» **DATA RECORDS**
===

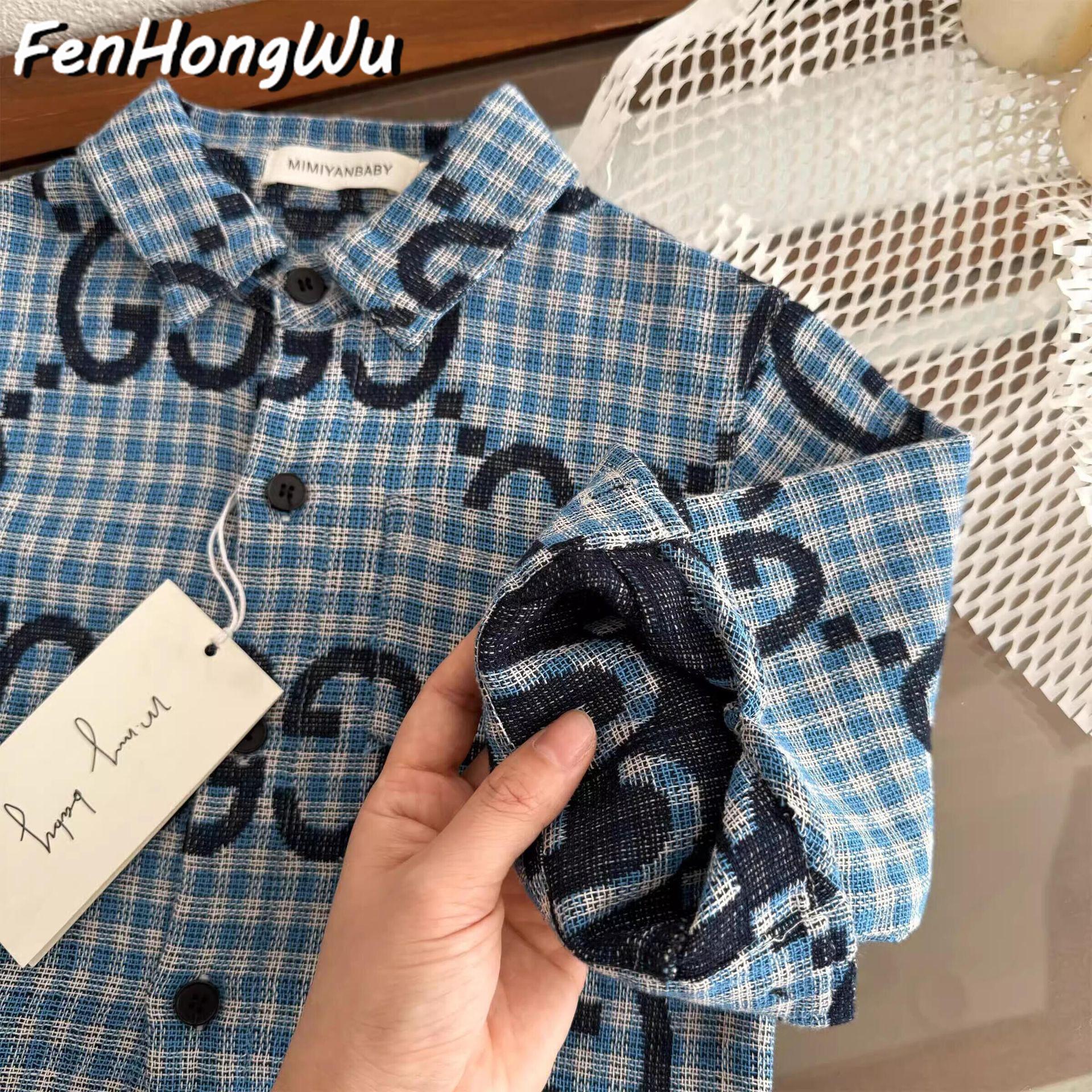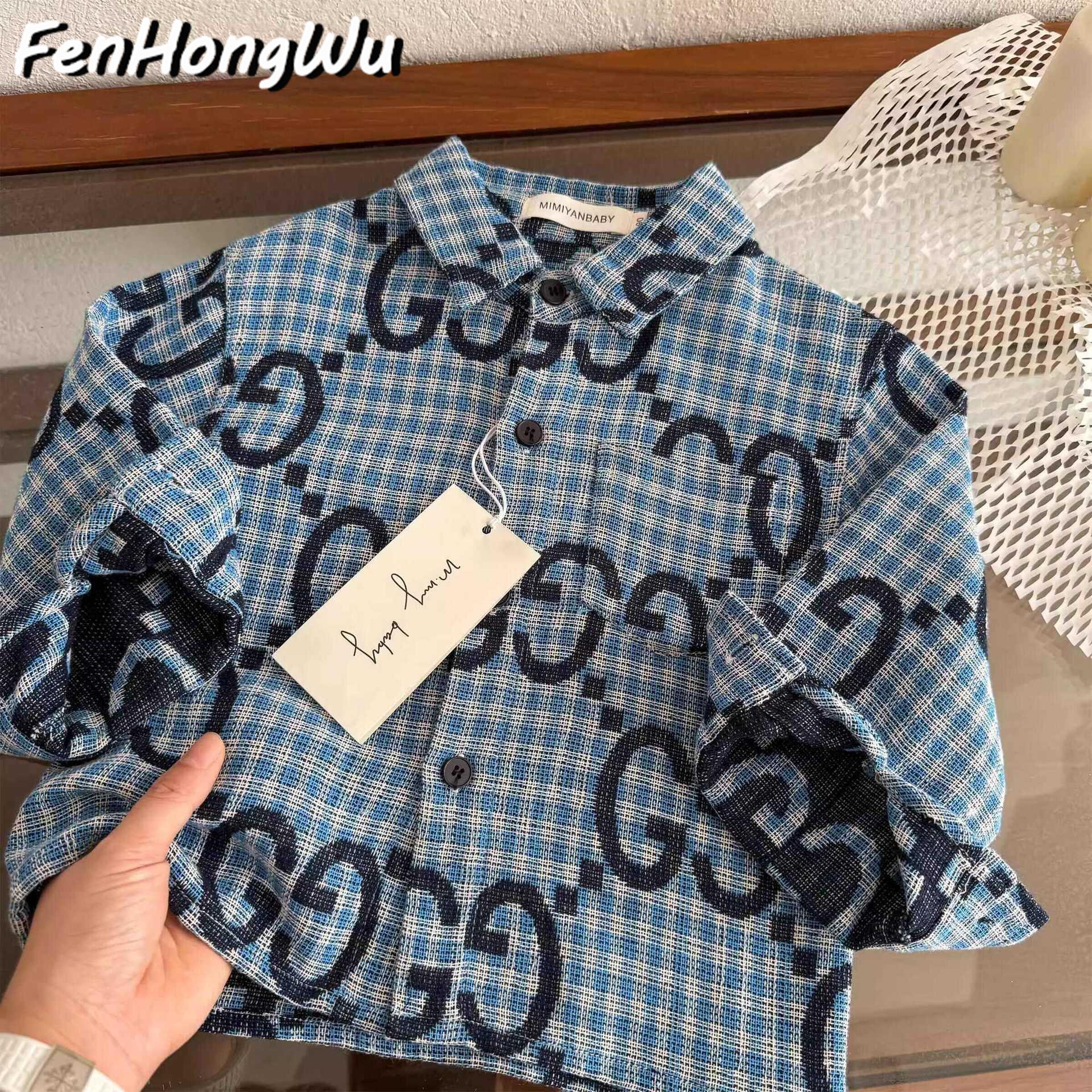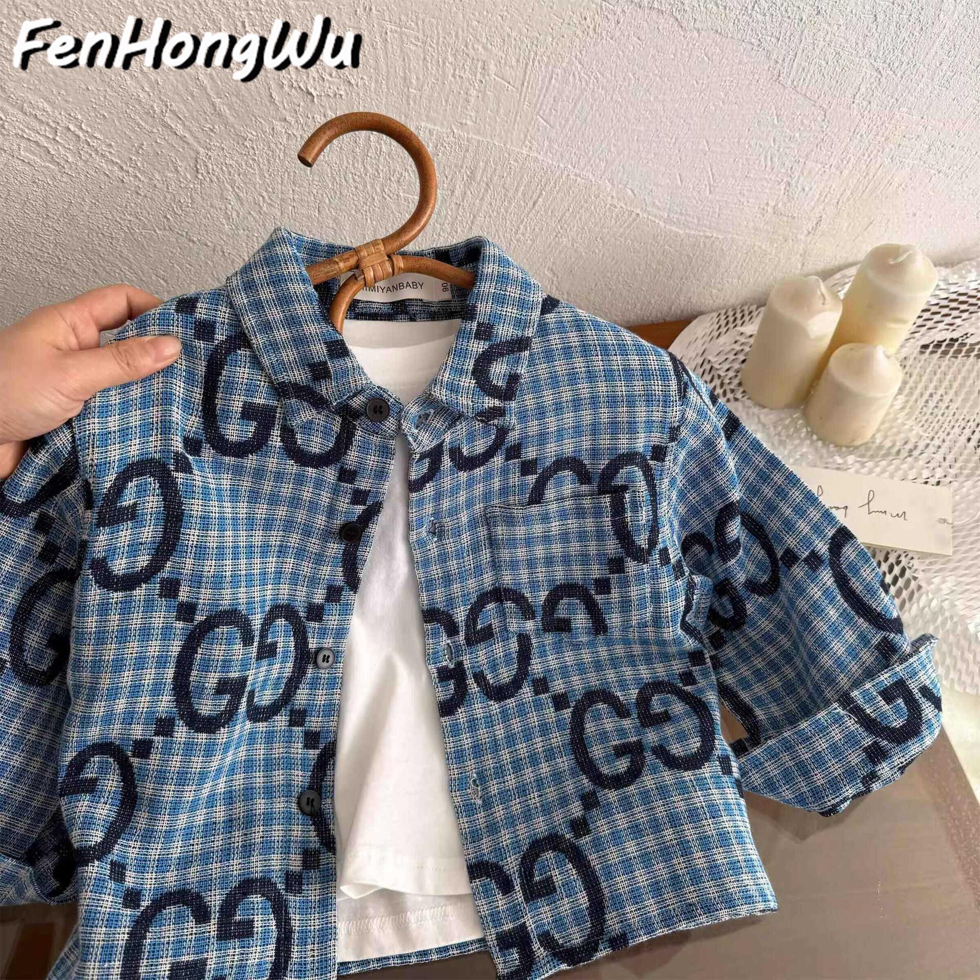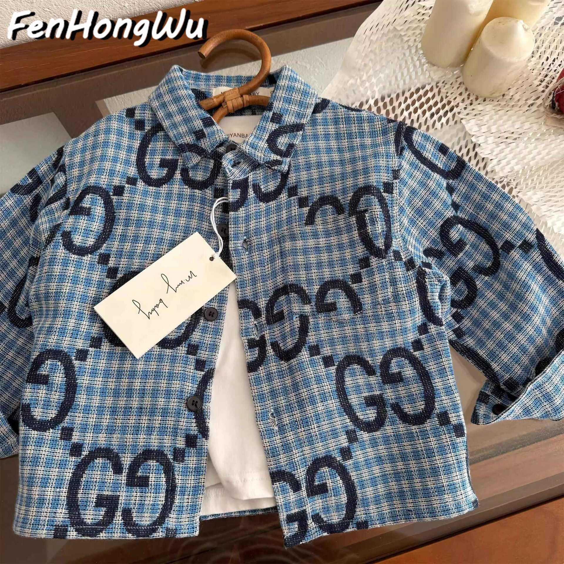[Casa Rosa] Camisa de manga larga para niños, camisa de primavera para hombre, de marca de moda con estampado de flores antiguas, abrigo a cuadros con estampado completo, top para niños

===

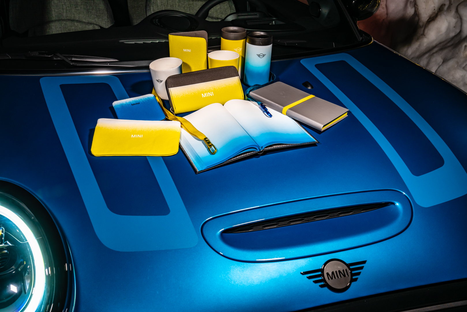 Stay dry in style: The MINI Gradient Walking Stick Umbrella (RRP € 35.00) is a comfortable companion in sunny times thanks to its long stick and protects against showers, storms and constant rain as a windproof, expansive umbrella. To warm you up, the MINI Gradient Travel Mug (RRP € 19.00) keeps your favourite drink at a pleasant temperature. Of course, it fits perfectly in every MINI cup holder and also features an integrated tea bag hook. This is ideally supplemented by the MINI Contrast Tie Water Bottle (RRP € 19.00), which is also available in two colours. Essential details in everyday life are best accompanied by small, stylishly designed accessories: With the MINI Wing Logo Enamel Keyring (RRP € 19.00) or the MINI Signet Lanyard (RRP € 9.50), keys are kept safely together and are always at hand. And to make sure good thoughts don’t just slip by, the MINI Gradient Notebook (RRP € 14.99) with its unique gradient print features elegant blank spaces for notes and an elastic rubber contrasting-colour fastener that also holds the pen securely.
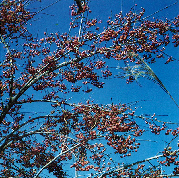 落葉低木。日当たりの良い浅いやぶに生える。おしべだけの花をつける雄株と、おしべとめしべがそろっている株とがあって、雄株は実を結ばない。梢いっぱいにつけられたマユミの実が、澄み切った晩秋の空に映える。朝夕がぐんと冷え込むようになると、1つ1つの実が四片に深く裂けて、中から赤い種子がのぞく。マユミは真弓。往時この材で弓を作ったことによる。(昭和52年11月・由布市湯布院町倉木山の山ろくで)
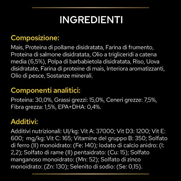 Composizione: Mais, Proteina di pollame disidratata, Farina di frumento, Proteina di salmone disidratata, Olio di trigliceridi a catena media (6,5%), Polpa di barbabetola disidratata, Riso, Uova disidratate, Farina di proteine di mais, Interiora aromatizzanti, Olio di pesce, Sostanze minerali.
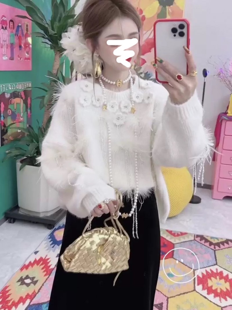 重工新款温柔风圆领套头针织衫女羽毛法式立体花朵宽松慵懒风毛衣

===

» **WHAT IS REQUIRED**
Above are the records; please give again, exactly and in full, only the lines that run from the line with "Composizione: Mais, Proteina" through the line with "重工新款温柔风圆领套头针织衫女羽毛法式立体花朵宽松慵懒风毛衣", with no pictures.

» **THE COMPLETED TASK**
 Composizione: Mais, Proteina di pollame disidratata, Farina di frumento, Proteina di salmone disidratata, Olio di trigliceridi a catena media (6,5%), Polpa di barbabetola disidratata, Riso, Uova disidratate, Farina di proteine di mais, Interiora aromatizzanti, Olio di pesce, Sostanze minerali.
 重工新款温柔风圆领套头针织衫女羽毛法式立体花朵宽松慵懒风毛衣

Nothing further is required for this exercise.